None the less, this is delightful.
posted by eotvos at 9:58 PM on October 8, 2018 [7 favorites]


Two months ago, I started volunteering at the no-kill cat shelter just up the street from our new place in a new neighborhood. In part because the cat-shaped hole in my life was starting to throb uncomfortably after my old lady passed away; in part because the state of human and world affairs had driven me into an unfathomably deep depression; in part because the isolation of my life as a work-from-home freelancer was starting to make me weird in ways I didn't like. Spending six hours a week in the company of a great community of cats has singlehandedly poured the color back into my world.

I've been there long enough now to witness the turning of the cycles, the regular comings and goings of sprightly, wide-eyed kittens that instantly want to love all over you and crack you up with their hijinks. It's a no-brainer that they get adopted week after week, like clockwork. But it's the older cats that I've always loved. Because we're no-kill, some of them have been there for years - in one case, I think, maybe even a decade. But they make the place feel like a real neighborhood, filled with quite distinct characters. Old man Butterbeer, a ginger dude who lived a hard-ass life on the mean streets and now just wants to blissfully sleep off his days in the window facing the alley. Miss Ione, a trim lady with all-white fur who makes an instant beeline for any warm lap that's open. Murray, a sleek black boy who's gone sandy-gray at the haunches, whose big round silly face shows up in everyone's food bowl as if by magic. And although I haven't grown older with these cats as I did with my own (RIP sweet girl), I still feel like my life has been enriched, even in this short time, by helping to keep them happy and fulfilled for however long they have left.
posted by mykescipark at 10:34 PM on October 8, 2018 [59 favorites]


In the back of the dark closet is a shelf, and on that shelf is the comfiest, coziest cat bed. But your cat will go to the OTHER side of the shelf and burrow into the stacks of expensive sweaters—sweaters that cost a fortune to dry-clean—and after a while it’s, like, fuck it, the sweaters are the cat bed now.

The Rainbow Bridge piece is spot on, thank you.
posted by wheek wheek wheek at 2:39 AM on October 9, 2018 [7 favorites]


If all cats go to heaven, look out for an occasional surprise dropping through the clouds as our old Tom once again misses the box.
posted by pracowity at 3:28 AM on October 9, 2018 [6 favorites]


I always wondered how/why somebody decided the Bifröst was associated with pets.
posted by Foosnark at 5:53 AM on October 9, 2018


That was a sweet video, and good for them for creating the cat retirement home. From what they say in the video, it sounds like they are getting as much out of it as the cats are.
posted by Dip Flash at 6:04 AM on October 9, 2018 [1 favorite]


I always wondered how/why somebody decided the Bifröst was associated with pets.

Because Freya and Frigg both really liked cats, and can you think of an animal better suited to an afterlife of feasting and fighting?
posted by GenjiandProust at 9:25 AM on October 9, 2018 [1 favorite]


I always wondered how/why somebody decided the Bifröst was associated with pets.
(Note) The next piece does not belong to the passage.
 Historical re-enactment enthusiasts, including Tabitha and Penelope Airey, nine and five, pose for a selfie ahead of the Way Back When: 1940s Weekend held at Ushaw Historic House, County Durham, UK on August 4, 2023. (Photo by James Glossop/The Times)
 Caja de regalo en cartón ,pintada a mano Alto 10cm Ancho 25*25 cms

I think that every time someone posts on Facebook about their beloved dog crossing the Rainbow Bridge. No, Mabel, Odin will not be needing the services of your arthritic Shih Tzu when the jötnar march.
posted by hanov3r at 9:59 AM on October 9, 2018 [2 favorites]
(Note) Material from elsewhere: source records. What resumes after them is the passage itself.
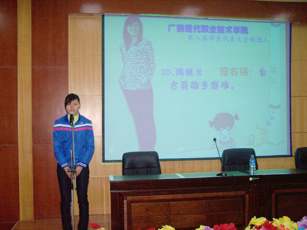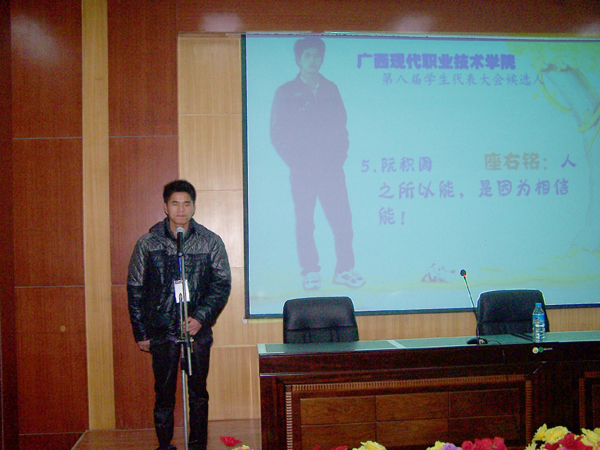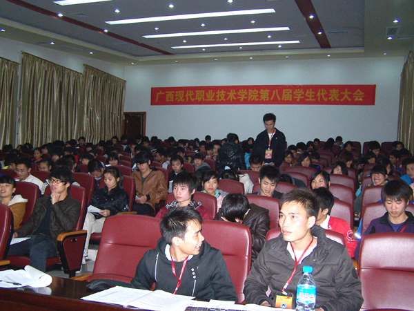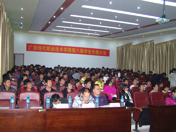 院党委宣传部、学工处讯(李铃 莫春燕) 2011年12月22日晚,广西现代职业技术学院第八届学生代表大会在学院第一学术报告厅召开,选举产生新一届的学生会成员。来自全院各系、院团委、学生会及兄弟院校的166名代表和特邀代表参加会议,学工处处长霍江华、副处长李铃以及学院团委副书记李媛媛出席了大会。
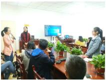 本科生许倩和本科生马单单分别从商务英语信函中模糊语的语用分析和《红楼梦》中人名英译的对比研究出发,介绍了她们的本科生毕业论文撰写情况,并请在场老师指点。首先,公司大外一部的詹声斌老师对许倩同学的论文内容做了点评,他指出:对某一话题或理论的分析,除了分析其优势点,如果能再加上其不足之处,可使内容更为完整和严谨。之后,张艳老师对马单单同学汇报的内容提出了见解,双方交流了自己的看法。
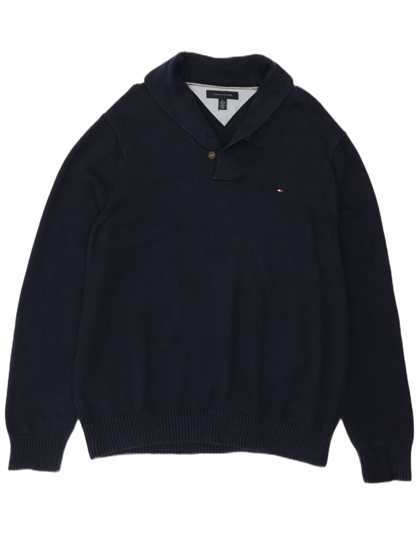 - KI-Beschreibung: Dieser Herrenpullover mit Schalkragen von Tommy Hilfiger ist aus 100 % Baumwollstrick gefertigt und bietet ein angenehmes und atmungsaktives Tragegefühl. Es verfügt über einen markanten Schalkragen mit Knopfverschluss am Hals. Lange Ärmel und eine normale Passform sorgen für eine klassische Silhouette. Die satte marineblaue Farbe wird durch einen dezenten gestickten Logo-Akzent ergänzt. Gerippte Bündchen und Saum runden das Design ab und sorgen für einen eleganten, adretten Look.
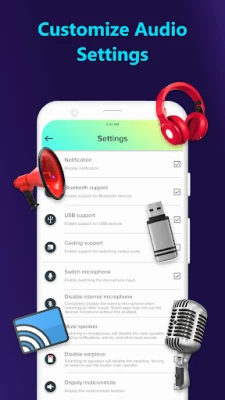 When the headphones are inserted or removed from the jack, the app will automatically detect them. When switching to the desired output, choose the microphones from the handset, USB, internal, and Bluetooth options to utilize.
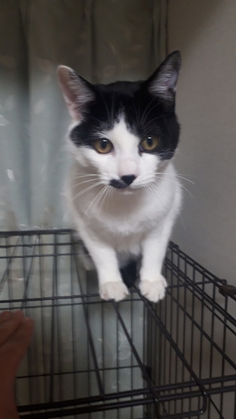 | 特徴(性格など) | 7/28生まれ、白黒ハチワレチョビヒゲありの男の子です。 4兄弟のうち2頭を保護した際に家から脱走。一緒に逃げた兄弟と近所で過ごしていましたが、昨年末に一緒にいた兄弟が行方不明に。 近所の方と話し合い、この子を保護しました。 おっとりして誰にでもフレンドリーです。おデブのせいか高い所が苦手です。 食欲旺盛なので肥満に気をつけてあげて下さい (現在4キロ) 白血病、猫エイズ陰性、駆虫済み、5種ワクチン接種、猫エイズワクチン接種、去勢手術済み |

Having never heard the words "rainbow bridge" used except when talking about Chumash stories about dolphins. . . I was a bit confused by the post. Now, I think I'm even more confused. This is a widely shared thing?

I'm pretty sure my previous pets aren't going to get along with each other very well. There's going to be one hell of a cat fight on that bridge. (Perhaps the losing cats drop off and become dolphins?)